I-Team: Life on the Wire - 8 News NOW

Jonathan Humbert, Investigative Reporter

I-Team: Life on the Wire

Updated:

There's something whispered out here among the crackling and the buzzing. It's something simple. This is life on the wire for NV Energy and linesman Todd Waymire.

They're 200 feet in the air, thick lines of power with 500,000 volts running through them. Lines that have to stay powered up to repair them, says John Saychich, "This is so critical to us that we can't take it out of service. So we learn to perform all our maintenance activities with it energized."

Their suits are part metal, part cloth, all designed to keep the energy away, "The metal on the outside of the suit conducts everything around their body and nothing's really going through their body."

But 500,000 volts?
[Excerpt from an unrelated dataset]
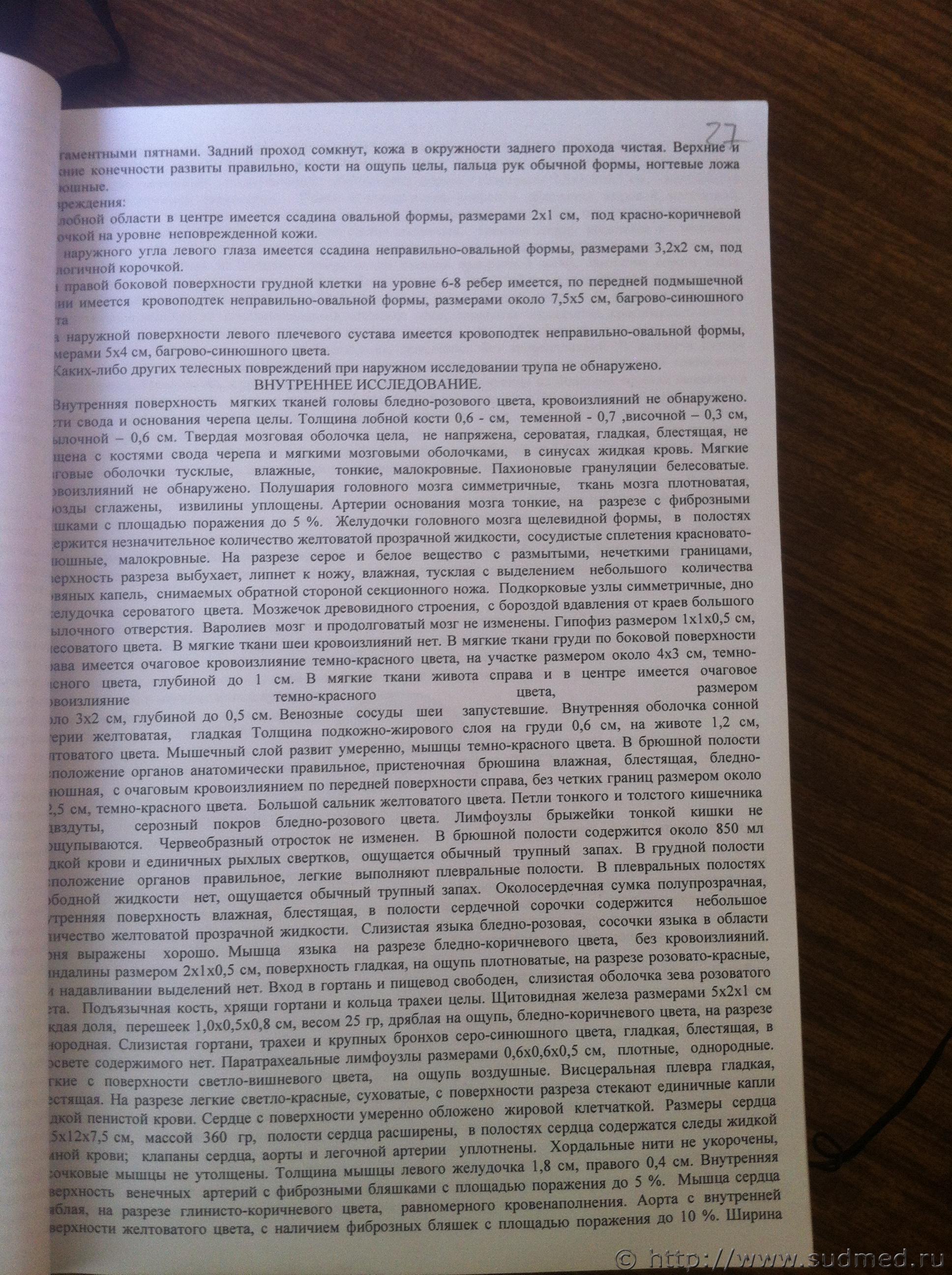 Обстоятельства дела заключены в том,чтобы несколько инцидентов избиение, при первом якобы были нанесены удары сверху вниз лежащему на спине мужчине,во втором инциденте были нанесены прямые удары в правое подреберье,в 3 инциденте неизвестно. Обнаружен труп спустя от первого инцидента через 32 часа, время смерти не установлено. Вот суд-медэкспертиза

What if something went wrong?

"You would have a big ball of fire and chances are whoever was in that ball of fire is going to be dead," said Saycich.

So you've got to be courageous, right?

"There's three things I'm afraid of, heights, electricity and women," said Waymire.

With life hanging in the balance, Todd and the guys like to keep things light. But beyond the jokes and the stunts there's a unique kinship on the lines.

Todd's father was a tramp lineman, going wherever the current would take him, "He traveled town to town and was never home."

Now, it's a second generation climbing the lines, having some fun with dangerous possibility coursing through their veins and buzzing around their bodies.

Because Las Vegas has few sources of power, the lines must be powered up at all times, even during repairs. If they weren't, the entire valley could see brownouts.